Twice yearly, in spring and in fall, we do our semi-annual chicken coop cleaning.
We use the “Deep-Litter” method for managing coop sanitation, which basically means putting down a 6” layer of pine shavings (the “litter”), adding more pine shavings (or other bedding material like straw) as the ratio of chicken droppings to shavings gets too large, and cleaning it all out in the spring and fall (see Deep Litter & Healthy Chickens).
Dressing appropriately for an event like chicken coop cleaning is important; so we put on our Carhartts, muck boots, and gloves prior to wading in. Sometimes a dust mask is a good idea too.
To clean the coop, we open all the doors and windows, shoo the chickens out, remove all the roosts, feeders, & waterers, sweep all the cobwebs and dust from the coop, and use a pitchfork & shovel to clean out all the built-up litter.
Once everything has been cleaned out and dusted off, it’s also a good time to make sure that everything is in good working order (no loose screws, etc.)

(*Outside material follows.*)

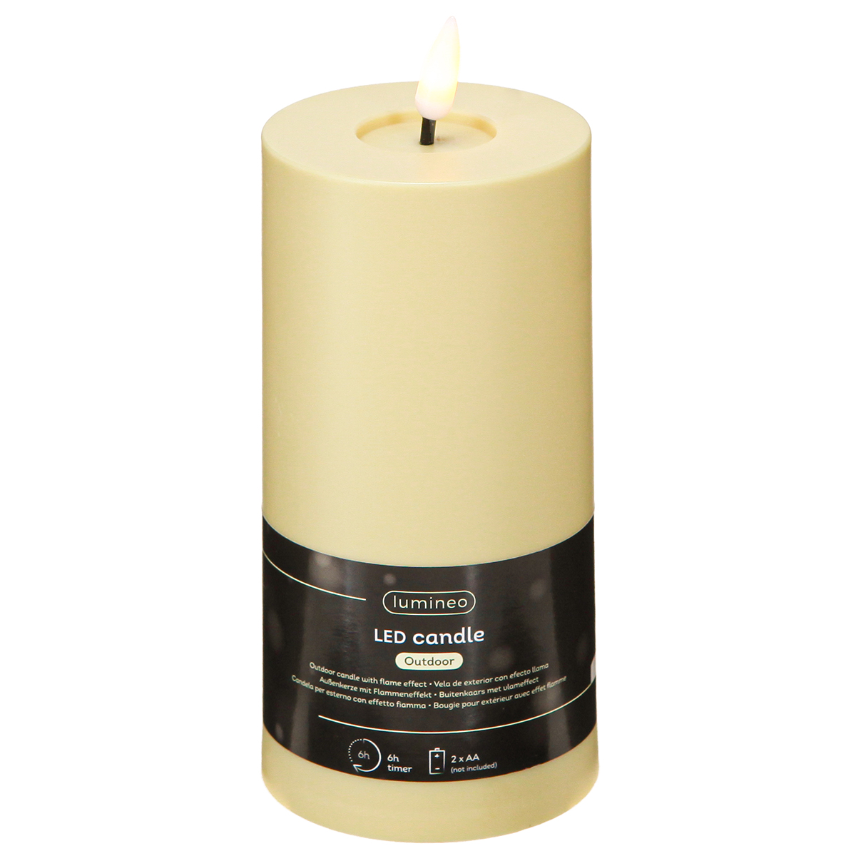 LED Kerze mit Timer Grünbeige Outdoor Ø7,5cm H18cm

We compost all the used bedding for the garden and transport it to the compost piles with the Cushman Hauler Pro-X (see New Electric Farm Utility Vehicle) – it’s a lot easier than the wheelbarrow.
After removing the litter, we’re always pleased to see that the Spar Urethane we applied to the interior of the coop for protection is holding up well (see New Chicken Coop Protection). We then scrub everything (roosts, waterers, feeders, etc.) with a mixture of bleach, dishwashing detergent, and water (1/2 c. bleach & ¼ c. detergent in a bucket of warm water), and let it all dry in the sunshine.
Our chickens are very social, so they help throughout the process – popping in and out to inspect the proceedings. After everything is dry from scrubbing, we put down another 6” of pine shavings and put the roosts, feeders, and waterers back in place.
This chicken coop is now over 10 years old and we are very pleased with the way it’s held up. And using the Deep Litter method for managing coop sanitation has really worked well for us. The chickens seem pleased and healthy too!